# Watch out in Sausalito



## singlespeed.org (Feb 14, 2006)

I heard on Channel 11 news that Sausalito where stepping up enforcement against bikes due to an increase in accidents. The news clip said they were ticketing cyclists for not yielding to pedestrians in crosswalks, not stopping for stop signs/traffic signals, and "riding outside of the bike lane".

I put the bike lane part in quotes, because this is an area where I have heard that police don't always get it right. If their is a bike lane and it is safe/clear, we are supposed to use it. But we also have many legal reasons why we are allowed to use the driving lane instead of the bike lane, including if we are passing someone in the bike lane, bike lane is blocked (which hopefully the cops are also ticketing double parkers while they are out there ticketing cyclists), dangerous conditions in bike lane (glass, gravel, pothole, etc.), when making a left turn, etc.


----------



## Leopold Porkstacker (Jul 15, 2005)

I’d like to give a shout out to all the ignorant imbecile California voters who voted “Yes” on propositions 93 through 97. Because of those measures having passed into effect, local law enforcement, public safety, fire departments, and schools all receive substantially less money for funding of programs. As a net effect, the firemans’ organisations, sherriff’s organisations, etc. are doing the telemarketing thing in order to try to get donations from upstanding citzens, and of course all law enforcement agencies are stepping up their traffic patrols by around 30% in order to get those lost revenues (let’s give EVEN MORE to the Indian casinos, and they don’t even legally have to report it all on their tax returns!! woohoo!!!).

So, if you voted “Yes” on Propositions 93 through 97, and your house burns down, I don’t have anything positive or uplifting to say to you other than, “You’re a freakin’ retard, and should have actually read your preliminary voting ballots as well as have conducted your own non-biased research on the ballot measures”. Additionally, if you got a moving vehicle citation (car or bicycle) where you would normally not have gotten one, and you b¡tch and whine about it, instead rejoice—for you are helping to pay the local branches of government who have had their funding cut in order to give the Indian gambling casinos more tax-free kickbacks.

Suck it up.


----------



## SilasCL (Jun 14, 2004)

As someone who rides through there pretty regularly, I can see why the cops would be under some pressure to ticket cyclists.
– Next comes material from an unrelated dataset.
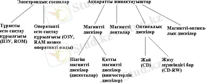 ДК есте сақтау құрылғысының классификациясы келтірілген.
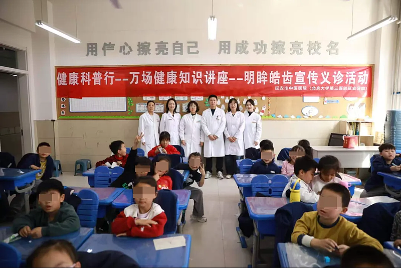 为进一步提升青少年口腔与眼部健康防护意识,助力青少年健康成长,近日,延安市中医医院(北京大学第三医院延安分院)口腔科、眼科医护团队,走进延安新区第二小学,围绕“健康口腔 幸福生活”主题,为一年级全体学生开展了一场集口腔健康科普、刷牙实操教学、护眼知识宣讲及视力筛查活动,将专业的健康知识与贴心服务送进课堂,切实守护青少年身心健康。

Most of us blow through crosswalks. It's often really hard to tell with the traffic there whether pedestrians are crossing or cars are just stopped.

I've never seen any cyclist-pedestrian accidents there though.


----------



## numbnutz (Mar 14, 2005)

they should ticket more through there for failing to yield to peds. pisses me off when I stop for peds in the crosswalk and the jerk behind me jumps around and blows through. some people have no sense.


----------